Críticas AdoroCinema
4,0
Muito bom
Green Book - O Guia

Conduzindo Dr. Shirley

por Lucas Salgado

Lançado em 1989, Conduzindo Miss Daisy recebeu o Oscar de Melhor Filme e se tornou um feel good movie para muita gente. Carregado por grandes atuações, tinha a premissa simples sobre uma senhora branca conservadora que era obrigada a se adaptar com um motorista negro. O filme gerava discussões sobre racismo e desigualdade, mas o fazia ainda diante de uma relação de trabalho "tradicional", em que o negro é a pessoa hierarquicamente subordinada.

Agora, quase trinta anos depois, Green Book chega com premissa parecida, mas com dinâmica pessoal e profissional invertida, em que um negro contrata um sujeito branco e racista para trabalhar como seu motorista e assistente. A troca de papéis parece pequeno detalhe, mas é fundamental para criar uma obra ainda mais complexa.

Tony Lip (Viggo Mortensen) é o tradicional brucutu ítalo-americano que leva a vida com pequenos serviços. Em um deles, trabalha como segurança de casas noturnas. Num período sem emprego, ele fica sabendo de uma vaga de motorista de um tradicional músico. É quando conhece Don Shirley (Mahershala Ali), um conceituado pianista.

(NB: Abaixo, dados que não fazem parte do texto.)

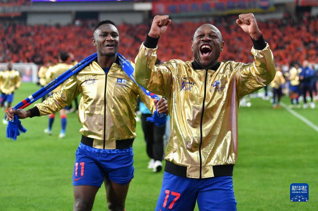 11月25日,上海申花队球员巴索戈(右)与队友马莱莱庆祝夺冠。

O artista precisa de um motorista, mas também de um assistente e segurança, uma vez que tem uma turnê marcada pelo sul dos Estados Unidos, no início dos anos 60.

O filme é um road movie divertido, mas que também faz pensar. A transformação de Tony de um conservador racista em alguém mais tolerante é um dos caminhos percorridos, mas não o único. Shirley também muda ao embarcar na jornada ao lado do motorista.

Em um período em que os Estados Unidos veem marchas de confederados, o longa tem a coragem de expor o quão insano era o preconceito racial em determinada parte do país antigamente (e nem tão antigamente assim, infelizmente).

O elenco conta ainda com as presenças de Linda Cardellini, que vive Dolores, esposa de Tony. Ela se sai bem em cena, mas o foco do filme é sim em Viggo e Mahershala.

Conhecido pela direção de comédias de sucesso como Debi & Lóide - Dois Idiotas em ApurosQuem Vai Ficar Com Mary? e Eu, Eu Mesmo & Irene, sempre na companhia do irmão Bobby, Peter Farrelly faz sua estreia como diretor-solo. E que estreia.

Farrelly entrega um resultado que valoriza o riso - algo presente em todos os seus trabalhos anteriores -, mas que também faz pensar. E emociona. Fruto de um roteiro escrito por ele, Nick Vallelonga (filho de Tony Lip na vida real) e Brian Hayes Currie.

Baseado em uma história real, Green Book tem no título uma referência a um livro que apontava os hotéis no sul dos Estados Unidos que aceitavam afrodescendentes. É uma obra repleta de charme e humor.

Filme visto durante o Festival de Toronto, em setembro de 2018.